Diterbitkan pertama kali pada April 1979, Dushu dengan cepat menjadi salah satu ikon para intelektual di Cina. Sirkulasinya memang sangat kecil berbanding milyaran jumlah penduduk Cina, hanya berbilang di bawah 50 ribu eksemplar. Jurnal ini membahas tema-tema seperti filsafat Barat, teori sosial, dan pemikiran ekonomi. Nama-nama seperti Nietzsche, Heidegger, Cassirerr, Marcuse, Sartre, dan Freud, ramai dibincangkan. Tetapi, menariknya, Dushu tidak membahas tema seperti teori modernisasi atau ekonomi mazhab neo-klasik.

Saya kira, Dushu ini mirip Prisma yang pernah berjaya pada dekade ‘70an dan 80an. Tapi, seingat saya, Prisma sangat sering membahas soal teori modernisasi.
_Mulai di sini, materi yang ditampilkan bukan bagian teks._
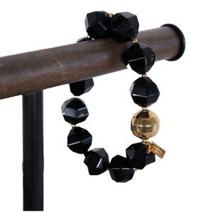 Kate Spade Women's Black Gold Beaded Bracelet Plastic Beads Stackable Stretch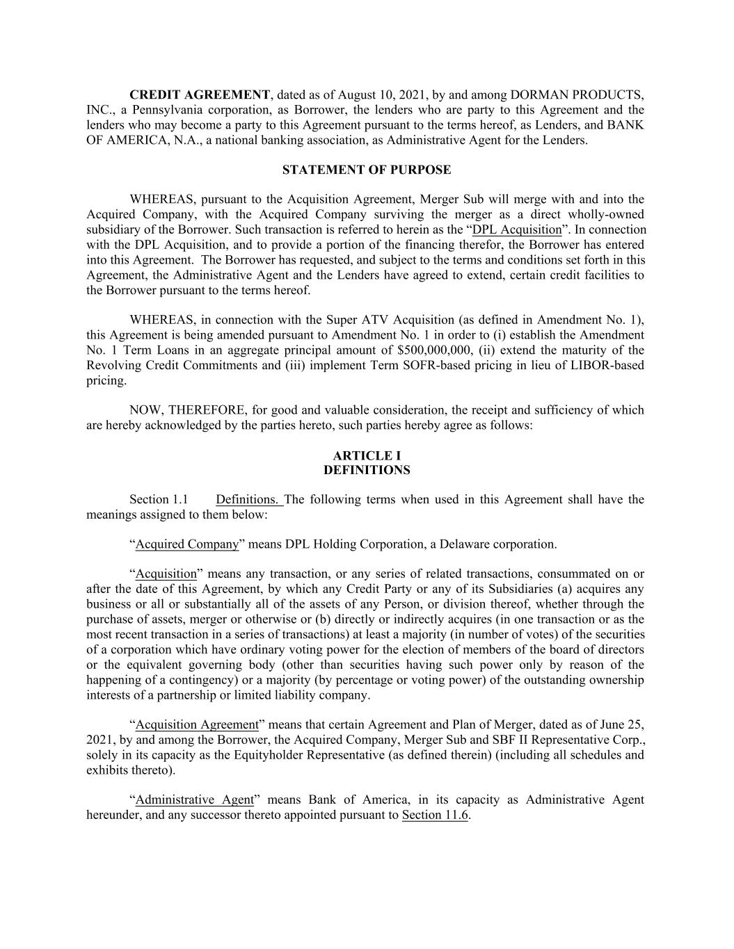 CREDIT AGREEMENT, dated as of August 10, 2021, by and among DORMAN PRODUCTS,INC., a Pennsylvania corporation, as Borrower, the lenders who are party to this Agreement and thelenders who may become a party to this Agreement pursuant to the terms hereof, as Lenders, and BANKOF AMERICA, N.A., a national banking association, as Administrative Agent for the Lenders.STATEMENT OF PURPOSEWHEREAS, pursuant to the Acquisition Agreement, Merger Sub will merge with and into theAcquired Company, with the Acquired Company surviving the merger as a direct wholly-ownedsubsidiary of the Borrower. Such transaction is referred to herein as the “DPL Acquisition”. In connectionwith the DPL Acquisition, and to provide a portion of the financing therefor, the Borrower has enteredinto this Agreement. The Borrower has requested, and subject to the terms and conditions set forth in thisAgreement, the Administrative Agent and the Lenders have agreed to extend, certain credit facilities tothe Borrower pursuant to the terms hereof.WHEREAS, in connection with the Super ATV Acquisition (as defined in Amendment No. 1),this Agreement is being amended pursuant to Amendment No. 1 in order to (i) establish the AmendmentNo. 1 Term Loans in an aggregate principal amount of $500,000,000, (ii) extend the maturity of theRevolving Credit Commitments and (iii) implement Term SOFR-based pricing in lieu of LIBOR-basedpricing. NOW, THEREFORE, for good and valuable consideration, the receipt and sufficiency of whichare hereby acknowledged by the parties hereto, such parties hereby agree as follows:ARTICLE IDEFINITIONSSection 1.1 Definitions. The following terms when used in this Agreement shall have themeanings assigned to them below:“Acquired Company” means DPL Holding Corporation, a Delaware corporation.“Acquisition” means any transaction, or any series of related transactions, consummated on orafter the date of this Agreement, by which any Credit Party or any of its Subsidiaries (a) acquires anybusiness or all or substantially all of the assets of any Person, or division thereof, whether through thepurchase of assets, merger or otherwise or (b) directly or indirectly acquires (in one transaction or as themost recent transaction in a series of transactions) at least a majority (in number of votes) of the securitiesof a corporation which have ordinary voting power for the election of members of the board of directorsor the equivalent governing body (other than securities having such power only by reason of thehappening of a contingency) or a majority (by percentage or voting power) of the outstanding ownershipinterests of a partnership or limited liability company.“Acquisition Agreement” means that certain Agreement and Plan of Merger, dated as of June 25,2021, by and among the Borrower, the Acquired Company, Merger Sub and SBF II Representative Corp.,solely in its capacity as the Equityholder Representative (as defined therein) (including all schedules andexhibits thereto).“Administrative Agent” means Bank of America, in its capacity as Administrative Agenthereunder, and any successor thereto appointed pursuant to Section 11.6.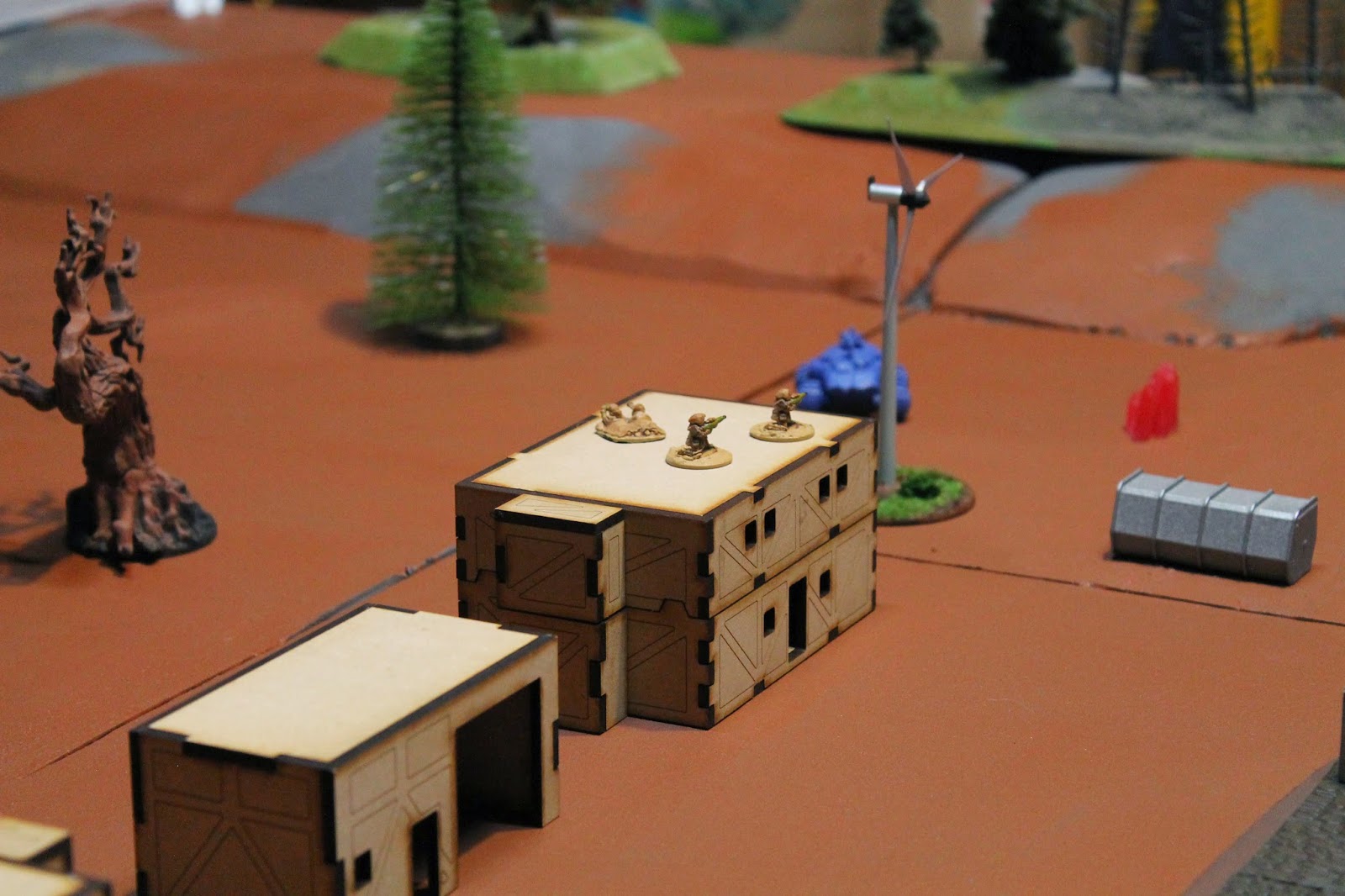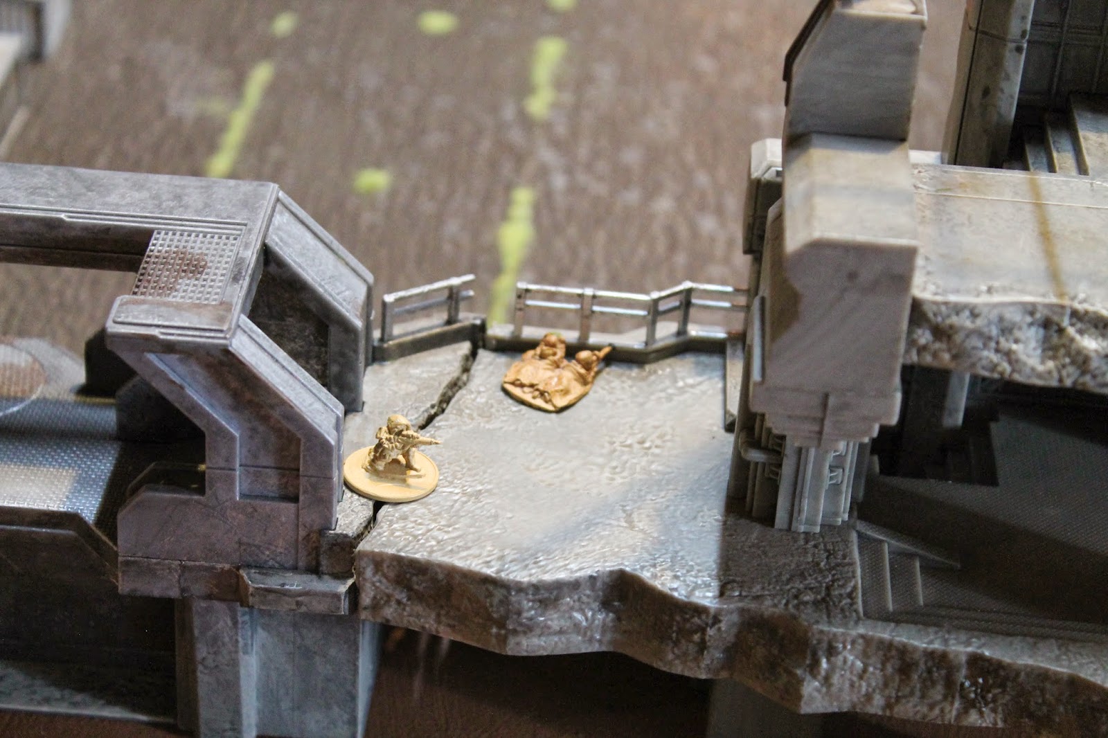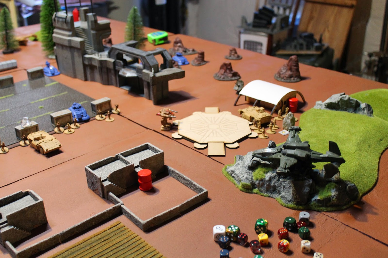 The Traveller deployed a bunch of his infantry at his jump offs and it did not pay off. Infantry in the open is meat on the table in this game. This is why we need smoke. It's the only chance you have to move infantry forward without an APC. This table had quite a bit of cover but not enough for maneuver. There's no way anyone could have gotten across that parade deck without smoke.

Nah, masalah mulai datang pada Dushu, ketika pasar nasional mulai dibuka gencar, dan konsumtivisme mulai jadi gaya hidup. Jurnal kayak Dushu, dipaksa bersaing dengan majalah-majalah model Cosmopolitan, yang ringan dan renyah bacaannya dan enak dipandang. Trend ini tak mampu diabaikan Dushu. Para editornya, terutama pemimpin redaksi Shen Changwen, kemudian memutuskan untuk mengubah kebijakan Dushu, dengan memuat artikel-artikel yang lebih ringan bobot akademiknya. Hasilnya, sirkulasi Dushu meningkat antara 50 ribu hingga lebih dari 80 ribu eksemplar per bulannya. Perubahan kebijakan ini juga, seperti dikatakan Hui, mencerminkan iklim intelektual di Cina, Beijing khususnya, yang gagal memahami gerak perkembangan intelektual dan masyarakat Cina pasca Mao.

Pada 1996, ketika Hui ditawarkan sebagai pemred, ia membawa pulang Dushu ke khittahnya. Di bawah Hui, Dushu meluncurkan serial perdebatan mengenai masyarakat desa, etika, Asia, perang dan revolusi, krisis keuangan, liberalisme, hukum dan demokrasi, nasionalisme, dan feminisme. Reorientasi ini, yang kembali menempatkan Dushu sebagai lahan curah pemikiran, rupanya mendapatkan sambutan atraktif dari kalangan intelektual, yang gelisah dengan merebaknya konsumerisme, kesenjangan sosial, dan ketidakpastian. Dari segi oplah, Dushu meningkat hingga menembus angka 100 ribu dan 120 ribu.

Saya pun membayangkan, suatu ketika di Indonesia, hadir jurnal seperti Dushu. Ia memfasilitasi kegelisahan para intelektual, menjadi lahan perdebatan pemikiran, dan sumber inspirasi teoritik. Ia betul-betul menjadi lokomotif yang menarik gerbong kehidupan intelektual progresif Indonesia.

Di NY sini, saya sedikit beruntung bisa berlangganan cukup banyak jurnal kiri. Dari New Left Review, Monthly Review, Science and Society, historical materialism, hingga Socialist Register. Tapi, saya merasakan ada yang kurang. Jurnal-jurnal ini, tidak menggambarkan semangat para intelektual di negara dunia ketiga (meminjam kategorisasi Mao). Ia lebih merefleksikan cara pandang kehidupan intelektual negara kapitalis maju.